• What is being asked: Every record below needs to be written out exactly, apart from the pictures.
Given data below:
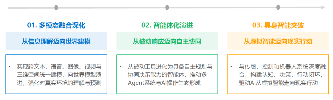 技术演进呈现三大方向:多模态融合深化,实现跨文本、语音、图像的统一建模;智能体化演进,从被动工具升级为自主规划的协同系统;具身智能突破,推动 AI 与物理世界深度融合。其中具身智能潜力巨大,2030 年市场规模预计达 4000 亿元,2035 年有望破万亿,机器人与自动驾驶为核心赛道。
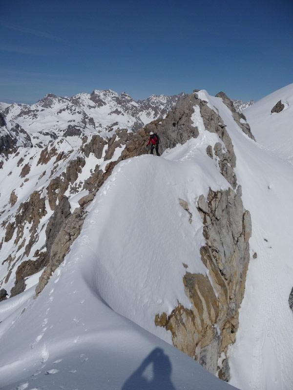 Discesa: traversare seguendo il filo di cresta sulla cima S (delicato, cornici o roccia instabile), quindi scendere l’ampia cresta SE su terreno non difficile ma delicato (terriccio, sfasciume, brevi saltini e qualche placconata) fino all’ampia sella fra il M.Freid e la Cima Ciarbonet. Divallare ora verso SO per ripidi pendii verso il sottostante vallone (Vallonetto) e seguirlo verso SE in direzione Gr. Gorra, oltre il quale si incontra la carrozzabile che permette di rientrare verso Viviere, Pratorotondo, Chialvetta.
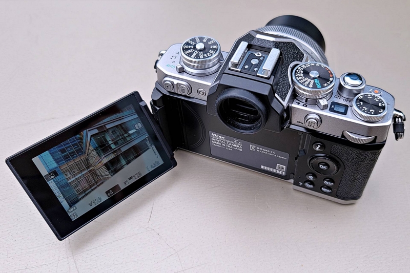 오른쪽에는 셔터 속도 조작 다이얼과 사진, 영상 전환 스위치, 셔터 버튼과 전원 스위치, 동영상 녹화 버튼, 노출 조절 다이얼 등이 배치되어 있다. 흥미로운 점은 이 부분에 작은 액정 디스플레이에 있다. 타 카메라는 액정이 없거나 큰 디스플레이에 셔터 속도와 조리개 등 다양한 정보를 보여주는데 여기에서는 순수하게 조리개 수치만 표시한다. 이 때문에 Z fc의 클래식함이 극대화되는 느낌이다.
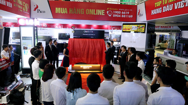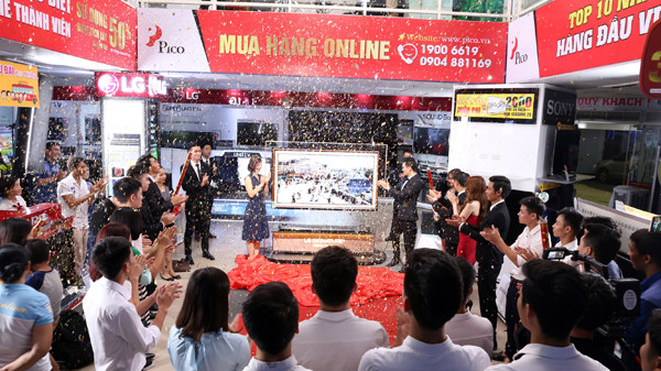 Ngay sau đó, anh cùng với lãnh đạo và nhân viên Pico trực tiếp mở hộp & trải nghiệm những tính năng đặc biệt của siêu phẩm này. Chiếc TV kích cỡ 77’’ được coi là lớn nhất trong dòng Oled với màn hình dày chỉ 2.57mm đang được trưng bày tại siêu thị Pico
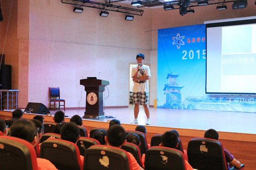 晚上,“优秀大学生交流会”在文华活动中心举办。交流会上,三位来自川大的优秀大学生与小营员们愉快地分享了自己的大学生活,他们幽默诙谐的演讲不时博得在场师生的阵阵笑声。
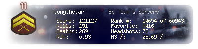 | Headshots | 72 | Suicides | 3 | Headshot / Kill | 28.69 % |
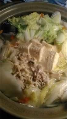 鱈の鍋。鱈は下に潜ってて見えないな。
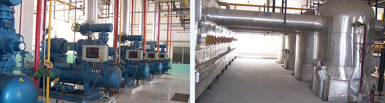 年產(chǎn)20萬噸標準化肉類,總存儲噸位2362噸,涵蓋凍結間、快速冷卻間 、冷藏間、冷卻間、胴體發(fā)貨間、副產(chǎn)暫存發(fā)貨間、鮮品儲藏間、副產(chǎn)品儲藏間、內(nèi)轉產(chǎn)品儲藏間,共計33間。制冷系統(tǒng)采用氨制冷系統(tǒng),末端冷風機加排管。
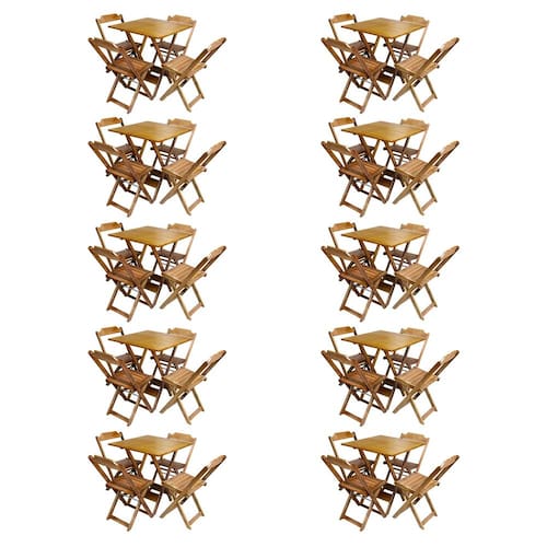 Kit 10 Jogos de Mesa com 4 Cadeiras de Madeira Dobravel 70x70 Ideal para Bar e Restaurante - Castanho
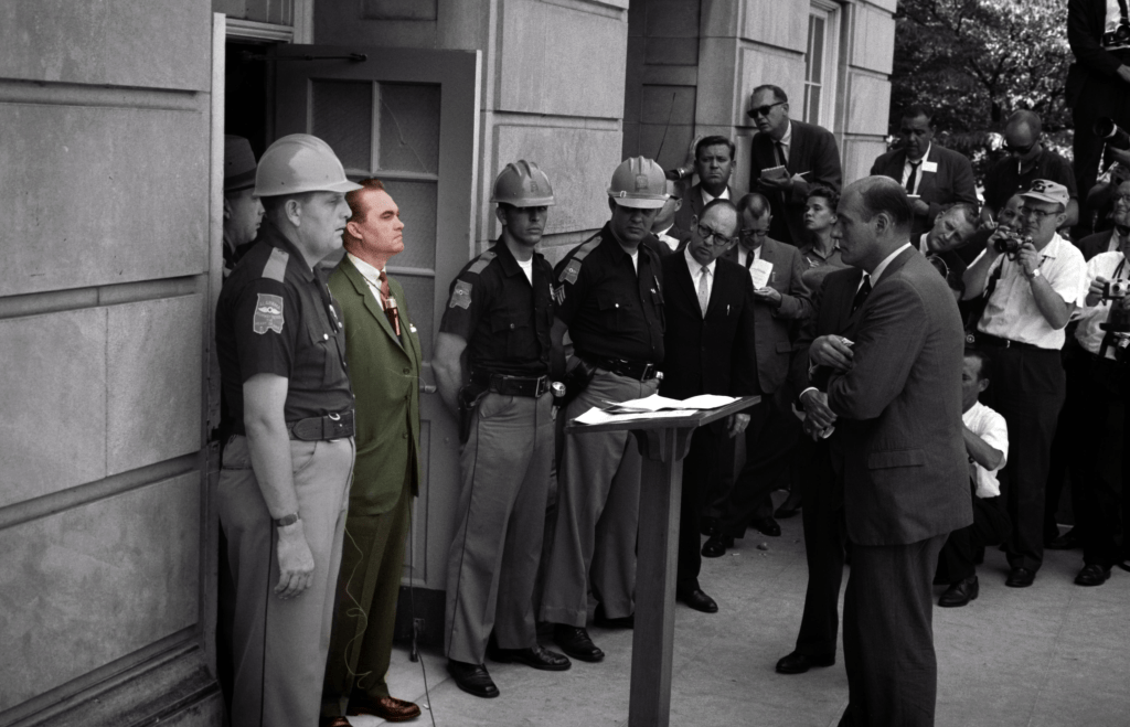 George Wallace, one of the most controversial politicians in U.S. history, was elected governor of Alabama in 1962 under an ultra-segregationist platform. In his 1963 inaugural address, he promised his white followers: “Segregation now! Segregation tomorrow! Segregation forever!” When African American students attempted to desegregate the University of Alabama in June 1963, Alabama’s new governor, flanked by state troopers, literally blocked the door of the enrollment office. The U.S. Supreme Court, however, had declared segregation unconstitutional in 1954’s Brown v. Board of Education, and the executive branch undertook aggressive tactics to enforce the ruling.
End of Given data.
• Worked solution:
 技术演进呈现三大方向:多模态融合深化,实现跨文本、语音、图像的统一建模;智能体化演进,从被动工具升级为自主规划的协同系统;具身智能突破,推动 AI 与物理世界深度融合。其中具身智能潜力巨大,2030 年市场规模预计达 4000 亿元,2035 年有望破万亿,机器人与自动驾驶为核心赛道。
 Discesa: traversare seguendo il filo di cresta sulla cima S (delicato, cornici o roccia instabile), quindi scendere l’ampia cresta SE su terreno non difficile ma delicato (terriccio, sfasciume, brevi saltini e qualche placconata) fino all’ampia sella fra il M.Freid e la Cima Ciarbonet. Divallare ora verso SO per ripidi pendii verso il sottostante vallone (Vallonetto) e seguirlo verso SE in direzione Gr. Gorra, oltre il quale si incontra la carrozzabile che permette di rientrare verso Viviere, Pratorotondo, Chialvetta.
 오른쪽에는 셔터 속도 조작 다이얼과 사진, 영상 전환 스위치, 셔터 버튼과 전원 스위치, 동영상 녹화 버튼, 노출 조절 다이얼 등이 배치되어 있다. 흥미로운 점은 이 부분에 작은 액정 디스플레이에 있다. 타 카메라는 액정이 없거나 큰 디스플레이에 셔터 속도와 조리개 등 다양한 정보를 보여주는데 여기에서는 순수하게 조리개 수치만 표시한다. 이 때문에 Z fc의 클래식함이 극대화되는 느낌이다.
 Ngay sau đó, anh cùng với lãnh đạo và nhân viên Pico trực tiếp mở hộp & trải nghiệm những tính năng đặc biệt của siêu phẩm này. Chiếc TV kích cỡ 77’’ được coi là lớn nhất trong dòng Oled với màn hình dày chỉ 2.57mm đang được trưng bày tại siêu thị Pico
 晚上,“优秀大学生交流会”在文华活动中心举办。交流会上,三位来自川大的优秀大学生与小营员们愉快地分享了自己的大学生活,他们幽默诙谐的演讲不时博得在场师生的阵阵笑声。
 | Headshots | 72 | Suicides | 3 | Headshot / Kill | 28.69 % |
 鱈の鍋。鱈は下に潜ってて見えないな。
 年產(chǎn)20萬噸標準化肉類,總存儲噸位2362噸,涵蓋凍結間、快速冷卻間 、冷藏間、冷卻間、胴體發(fā)貨間、副產(chǎn)暫存發(fā)貨間、鮮品儲藏間、副產(chǎn)品儲藏間、內(nèi)轉產(chǎn)品儲藏間,共計33間。制冷系統(tǒng)采用氨制冷系統(tǒng),末端冷風機加排管。
 Kit 10 Jogos de Mesa com 4 Cadeiras de Madeira Dobravel 70x70 Ideal para Bar e Restaurante - Castanho
 George Wallace, one of the most controversial politicians in U.S. history, was elected governor of Alabama in 1962 under an ultra-segregationist platform. In his 1963 inaugural address, he promised his white followers: “Segregation now! Segregation tomorrow! Segregation forever!” When African American students attempted to desegregate the University of Alabama in June 1963, Alabama’s new governor, flanked by state troopers, literally blocked the door of the enrollment office. The U.S. Supreme Court, however, had declared segregation unconstitutional in 1954’s Brown v. Board of Education, and the executive branch undertook aggressive tactics to enforce the ruling.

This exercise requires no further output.